Hoje,
ninguém sabe de cor os sambas das escolas,
que antigamente eram
cantados por todos
Fernando
Pamplona revolucionou o Carnaval carioca, mas, antes dele, eu já
assistia ao desfile das escolas de samba. É que me casara com uma
moça da Tijuca, Thereza Aragão, que amava o Carnaval e a música
popular. Ela seria, anos mais tarde, responsável, com suas
segundas-feiras de samba, no Teatro Opinião, em Copacabana, por
levar o samba de subúrbio para a zona sul do Rio.
Naqueles
anos, o desfile era na avenida Presidente Vargas, no trecho próximo
à Candelária, e não havia nem passarela nem arquibancada. A gente
assistia ao desfile inteiro, em pé, nas calçadas. Depois, o desfile
foi transferido para a avenida Rio Branco, o que melhorou para nós
que passamos a assisti-lo das janelas da Redação do "Jornal do
Brasil", onde eu trabalhava.
Foi
quando Pamplona surgiu, emprestando ao Salgueiro uma concepção nova
do desfile carnavalesco, não só plasticamente, mas também
tematicamente. Aí ele nos ganhou. Thereza, eu, Vianinha e a turma
inteira do grupo Opinião nos tornamos frequentadoras do desfile e
dos ensaios do Salgueiro.
As
alegorias e fantasias das escolas de samba, até então, tinham gosto
acadêmico, mesmo porque seus autores eram gente da Escola Nacional
de Belas Artes e o pessoal mais conservador, para quem vestir-se de
princesa é que era beleza.
Deve-se
reconhecer, também, que fantasiar-se de nobre correspondia à
aspiração dos sambistas, que viam a nobreza como um sonho
inalcançável, a não ser no Carnaval. Fantasiar-se de conde era
tornar-se conde por algumas horas.
Pamplona
rompeu com isso, não só acabou com as fantasias de príncipes e
princesas, como pôs como enredo a história do negro, descendente de
escravos. Foi o caso do enredo "Quilombo dos Palmares", que
assinalou mais uma vitória do carnavalesco inovador.
Se
do ponto de vista do enredo, como se viu, Pamplona rompeu com a
tradição, creio que foi no plano visual que seu ímpeto inovador
foi mais determinante. Lembro-me do entusiasmo de que fomos tomados
ao ver as alas do Salgueiro vestidas com fantasias de grande beleza e
despojamento.
Foi
a visão moderna das artes plásticas --particularmente a tendência
abstrata geométrica-- que inspirou Pamplona e sua equipe. Mais que
os adereços e enfeites, o que encantava era a beleza do vermelho e
do branco, explorados em sua simpleza e plenitude. E mais o contraste
com a pele negra dos passistas e das passistas, revoando no asfalto.

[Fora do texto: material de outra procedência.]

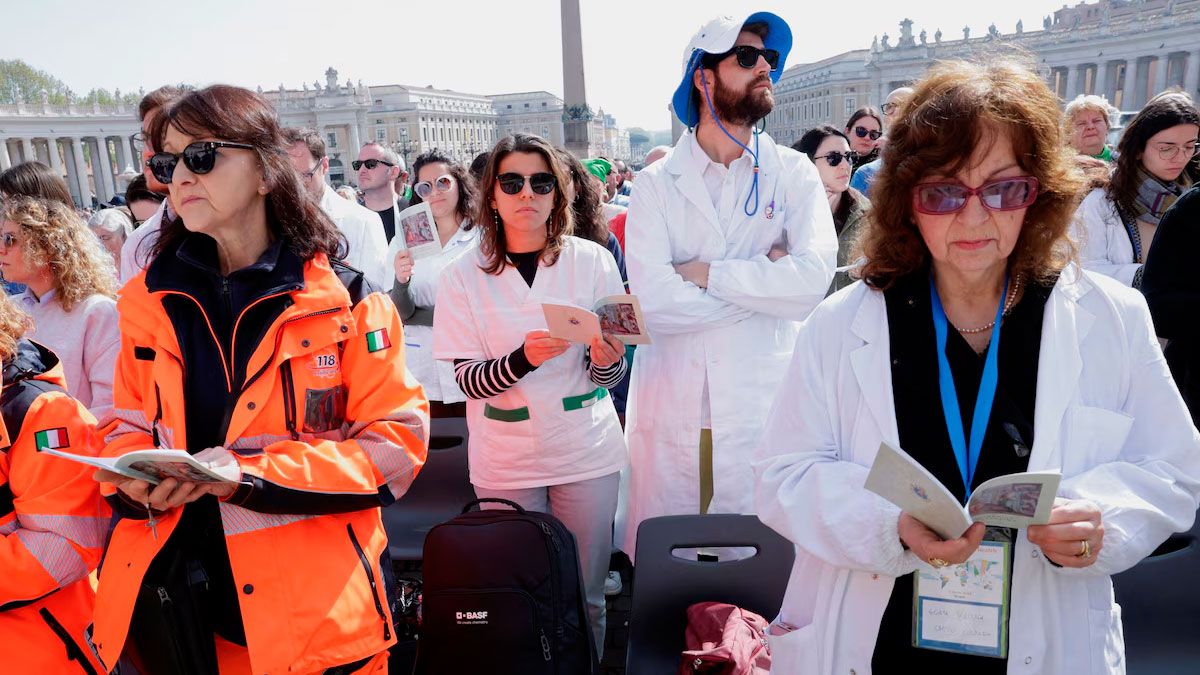 Además, Bergoglio se dirigió a los médicos, enfermeros y miembros del personal sanitario presentes en San Pedro y en el mundo entero para encomiar su labor atendiendo a sus pacientes.

Ver aquelas alas desfilando foi uma experiência inesquecível.
E,
como tinha que ser, a nova concepção do desfile carnavalesco
conquistou outras escolas. Nem todas com a mesma facilidade,
especialmente aquelas mais antigas e de mais arraigadas tradições.

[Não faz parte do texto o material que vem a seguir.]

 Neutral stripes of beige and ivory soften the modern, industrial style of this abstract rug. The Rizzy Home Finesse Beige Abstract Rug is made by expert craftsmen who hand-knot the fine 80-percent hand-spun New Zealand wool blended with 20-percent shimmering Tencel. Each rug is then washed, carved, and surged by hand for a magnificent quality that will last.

A Mangueira, por exemplo, resistiu à inovação, até onde pôde e,
de qualquer modo, jamais se deixou subverter pela revolução
salgueirense.
Mas
essa revolução não se limitou ao âmbito das escolas e dos
desfiles. Fascinou uma nova geração de artistas e intelectuais da
zona sul do Rio, que passaram a frequentar não só os desfiles, como
também os ensaios das escolas e até desfilar nelas. Era branco no
samba? Era, mas com paixão.
Alguns
anos depois, construiu-se a Passarela do Samba, mal apelidada de
Sambódromo. As antigas arquibancadas de madeira e tubos de metal
eram montadas para o desfile e desmontadas depois. A nova passarela,
em concreto armado, é permanente, custou caro e fica grande parte do
tempo sem utilidade.
O
desfile, por sua vez, sofreu mudanças. Porque as escolas cresceram,
foi necessário estabelecer um limite de tempo para cada uma
desfilar, o que levou à aceleração do ritmo dos sambas-enredo, que
viraram marchas.
Hoje,
ninguém sabe de cor os sambas das escolas, que antigamente eram
cantados por todos. O som dos alto-falantes estendidos por toda
avenida torna inaudível o canto das alas, o que reduz a emoção e a
participação do espectador. As escolas passaram a alugar fantasias
para estrangeiros desfilarem, gente que não sabe cantar nem dançar
o samba da escola.
Depois
de tudo isso, Fernando Pamplona, que trazia o Carnaval no sangue,
nunca mais foi assistir aos desfiles. Nem eu.